Supplied data START
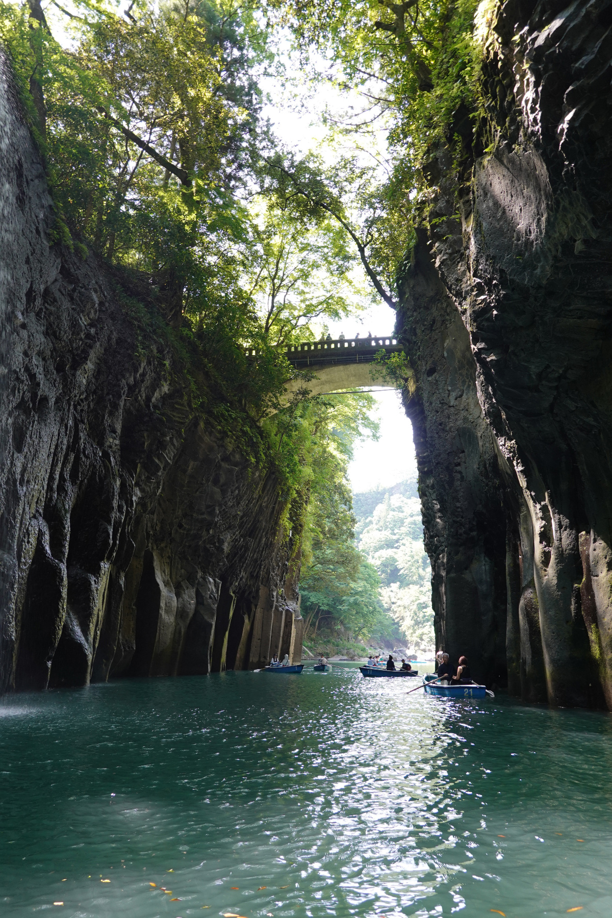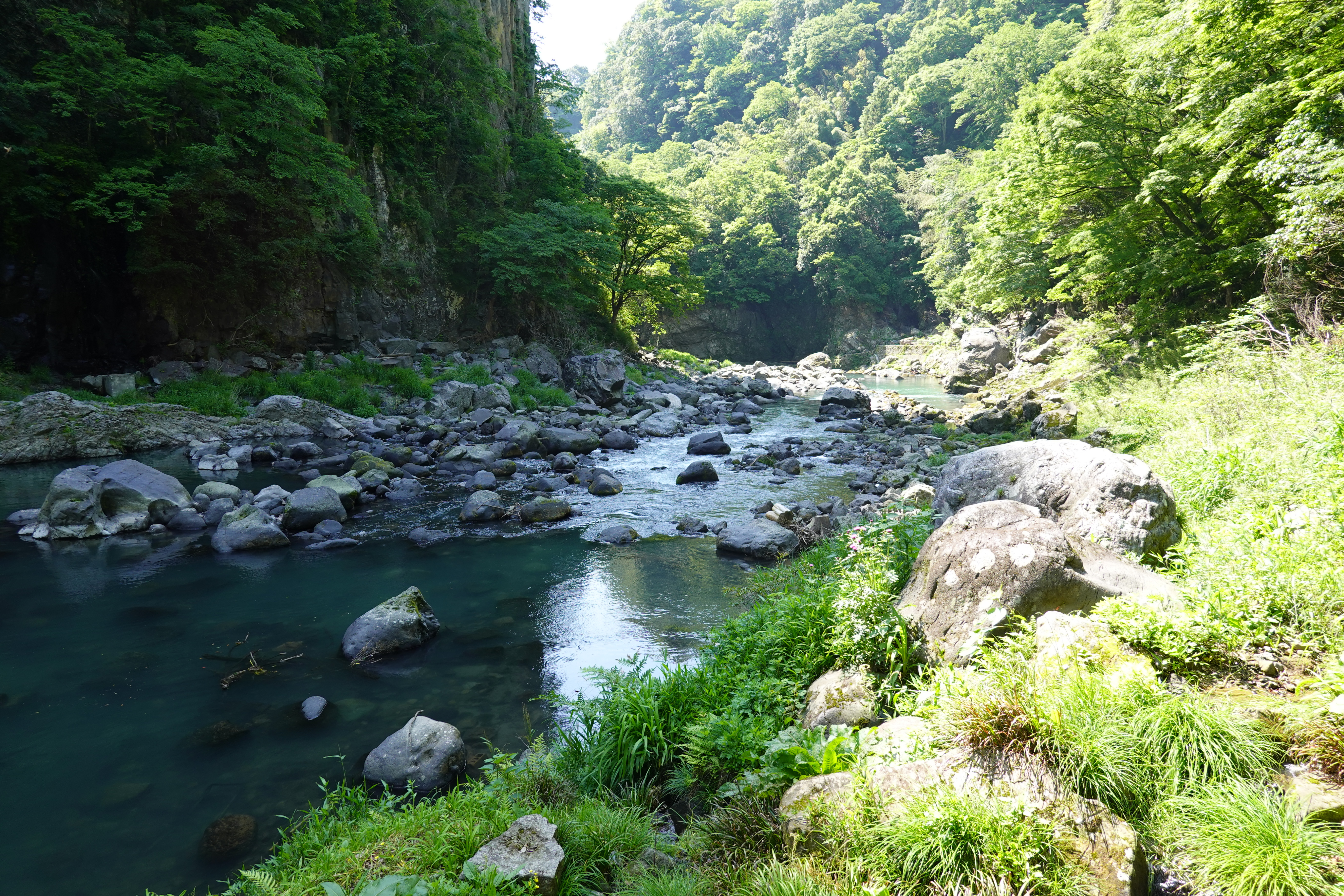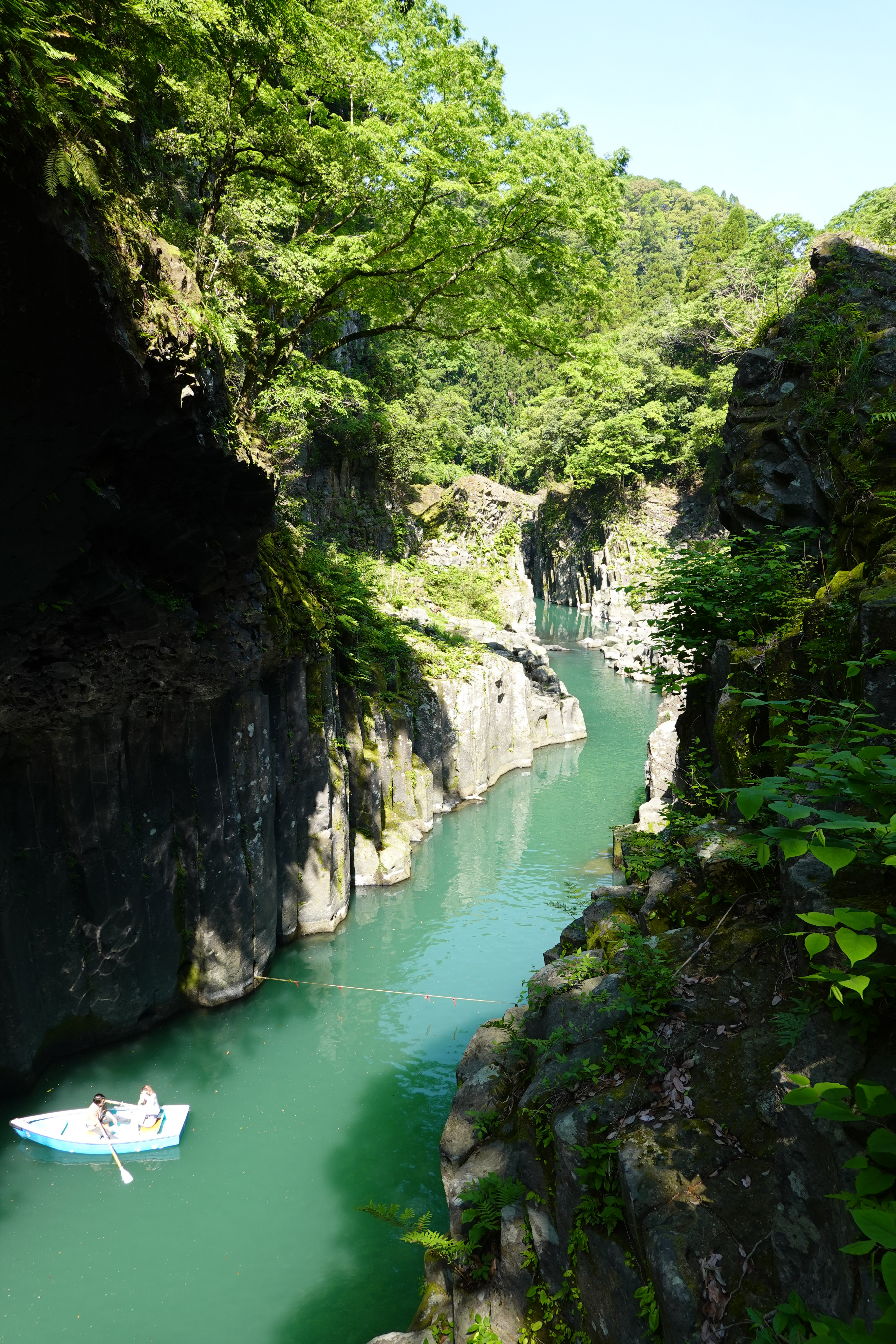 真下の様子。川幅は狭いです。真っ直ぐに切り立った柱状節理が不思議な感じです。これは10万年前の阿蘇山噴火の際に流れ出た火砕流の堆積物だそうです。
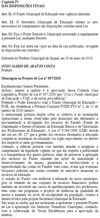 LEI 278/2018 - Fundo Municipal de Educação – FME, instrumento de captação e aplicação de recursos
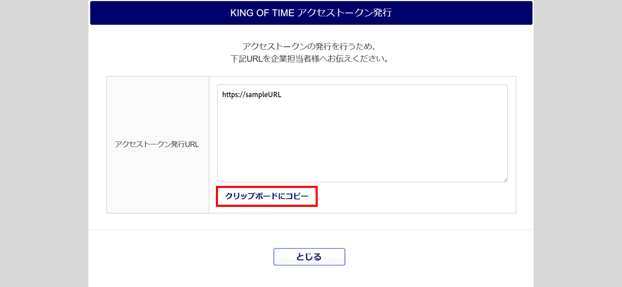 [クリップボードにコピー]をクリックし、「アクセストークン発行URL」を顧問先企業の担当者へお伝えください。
Supplied data END
The problem:
A verbatim transcript of the material above, with images dropped, is the expected output.

Exercise result:
 真下の様子。川幅は狭いです。真っ直ぐに切り立った柱状節理が不思議な感じです。これは10万年前の阿蘇山噴火の際に流れ出た火砕流の堆積物だそうです。
 LEI 278/2018 - Fundo Municipal de Educação – FME, instrumento de captação e aplicação de recursos
 [クリップボードにコピー]をクリックし、「アクセストークン発行URL」を顧問先企業の担当者へお伝えください。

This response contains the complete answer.